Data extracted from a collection
┄┄┄┄┄┄
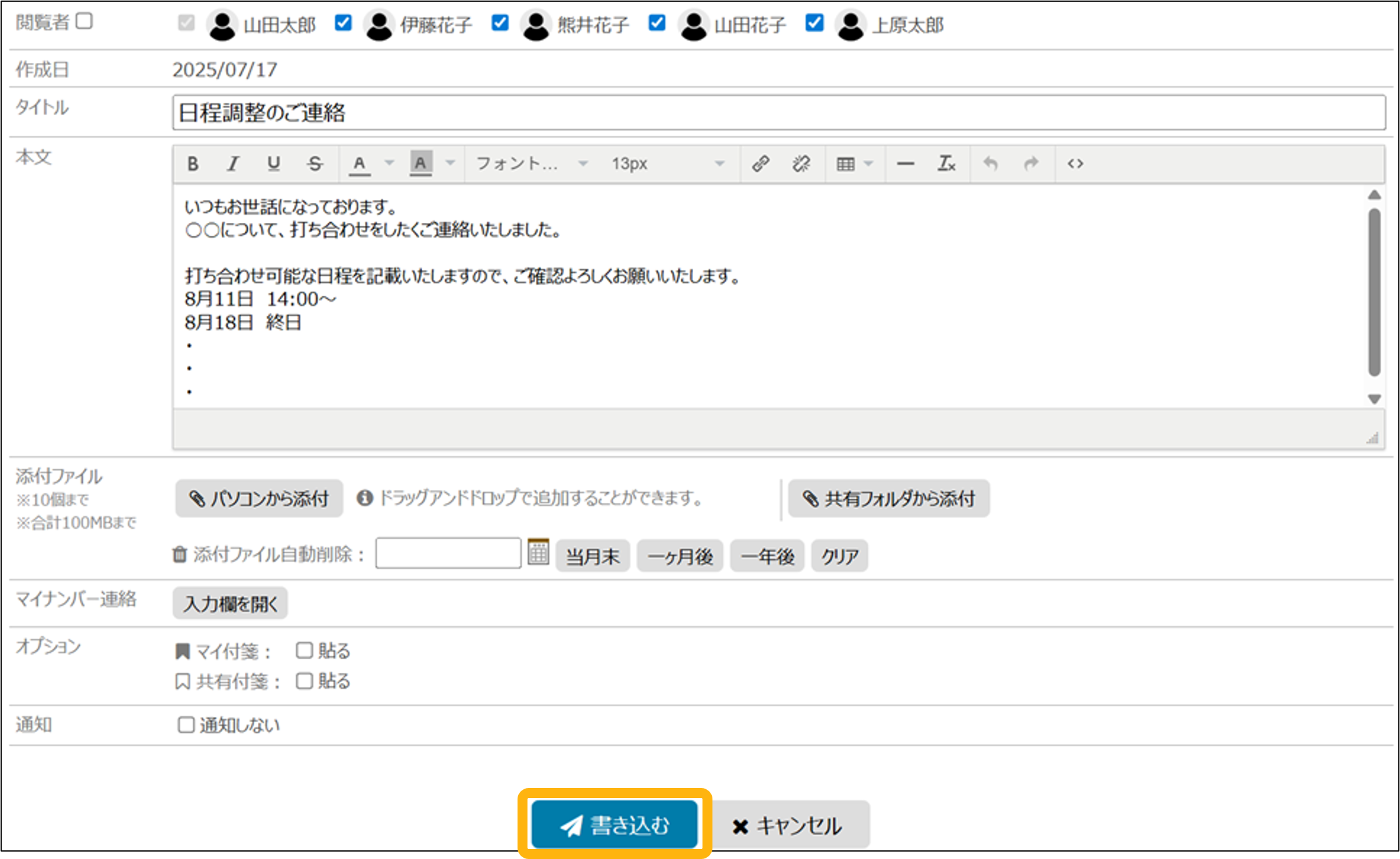 ③閲覧者を選択し、タイトル、本文を入力
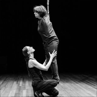 Soirée chorégraphique, Déplacés, danser sans frontières propose donc, en première partie, la performance de Kubra Khademi, Qanchiq. Soit une heure de réflexion, en acte, sur la liberté par les gestes et les corps. En langue turque, notamment, qanchik [kancik] signifie ‘chienne’. Un mot qui a le même sens qu’en français ou qu’en anglais (avec l’homologue bitch). Et vêtue d’une longue robe noire, en laisse, Kubra Khademi se débat. Avec sa mémoire notamment. Celle d’une éducation dans laquelle sa mère lui répétait de prier Dieu-Allah si elle voulait voir ses vÅ“ux exaucés. Avec la mémoire de prières aux tournures du type : « Je rampe vers toi comme une chienne pour que tu réalises mes rêves ». Mémoire d’un asservissement volontaire, à réclamer la laisse en échange d’une récompense… Kubra Khademi livre ainsi une performance encore inédite, autour du conditionnement à l’humiliation consentie, en vue de son démantèlement.
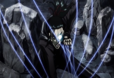 She moves so quickly she becomes a streak of blue light, which passes by Walter. She then reappears behind him, having used her Shimbara quick draw attack, and tells Walter he's dead. But he tells her that she's the one who's dead. |
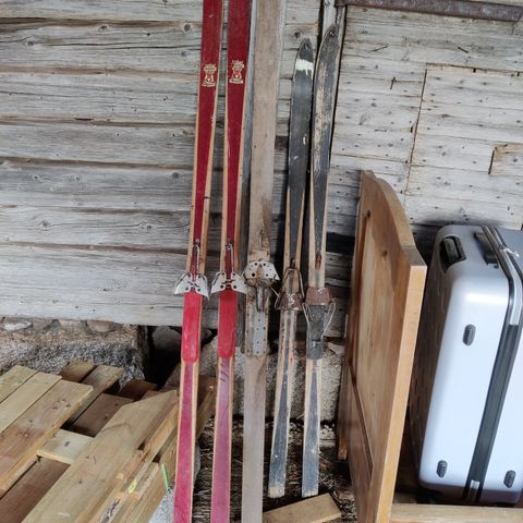 Perinteiset puurunkoiset maastohiihtosukset. Harjun Suksitehdas, omistaja “A. Valkonen”. Sukset ja sauvat ovat ikäänsä nähden siistit. Pala suomalaista talvihistoriaa.
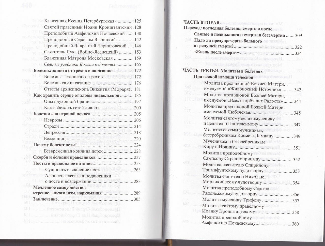 В книге приводятся советы святых и подвижников, рекомендации православных врачей, примеры чудесных исцелений и множество молитв при различных недугах.
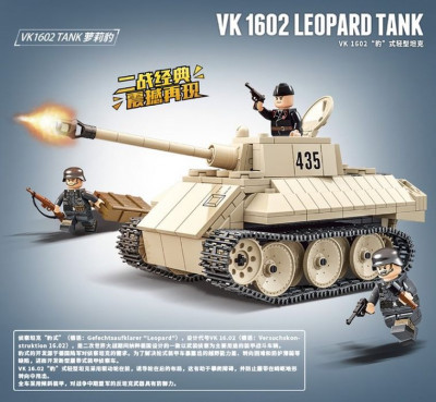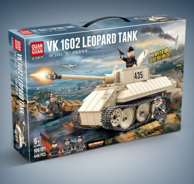 Модель наделена игровым функционалом. У танка поворачивается башня, меняется угол обстрела орудия, ходовая часть точно имитирует работу гусениц. Включение в комплектацию конструктора 100101 Quanguan Немецкий танк VK 1602 Leopard миниатюрных фигурок позволяет разыграть разведку с боем.
┄┄┄┄┄┄
▸ **Activity**:
Copy nothing but the lines above that run from the one with "Soirée chorégraphique, Déplacés, danser" to the one with "В книге приводятся", ends included; pictures stay out.

▸ **Written response**:
 Soirée chorégraphique, Déplacés, danser sans frontières propose donc, en première partie, la performance de Kubra Khademi, Qanchiq. Soit une heure de réflexion, en acte, sur la liberté par les gestes et les corps. En langue turque, notamment, qanchik [kancik] signifie ‘chienne’. Un mot qui a le même sens qu’en français ou qu’en anglais (avec l’homologue bitch). Et vêtue d’une longue robe noire, en laisse, Kubra Khademi se débat. Avec sa mémoire notamment. Celle d’une éducation dans laquelle sa mère lui répétait de prier Dieu-Allah si elle voulait voir ses vÅ“ux exaucés. Avec la mémoire de prières aux tournures du type : « Je rampe vers toi comme une chienne pour que tu réalises mes rêves ». Mémoire d’un asservissement volontaire, à réclamer la laisse en échange d’une récompense… Kubra Khademi livre ainsi une performance encore inédite, autour du conditionnement à l’humiliation consentie, en vue de son démantèlement.
 She moves so quickly she becomes a streak of blue light, which passes by Walter. She then reappears behind him, having used her Shimbara quick draw attack, and tells Walter he's dead. But he tells her that she's the one who's dead. |
 Perinteiset puurunkoiset maastohiihtosukset. Harjun Suksitehdas, omistaja “A. Valkonen”. Sukset ja sauvat ovat ikäänsä nähden siistit. Pala suomalaista talvihistoriaa.
 В книге приводятся советы святых и подвижников, рекомендации православных врачей, примеры чудесных исцелений и множество молитв при различных недугах.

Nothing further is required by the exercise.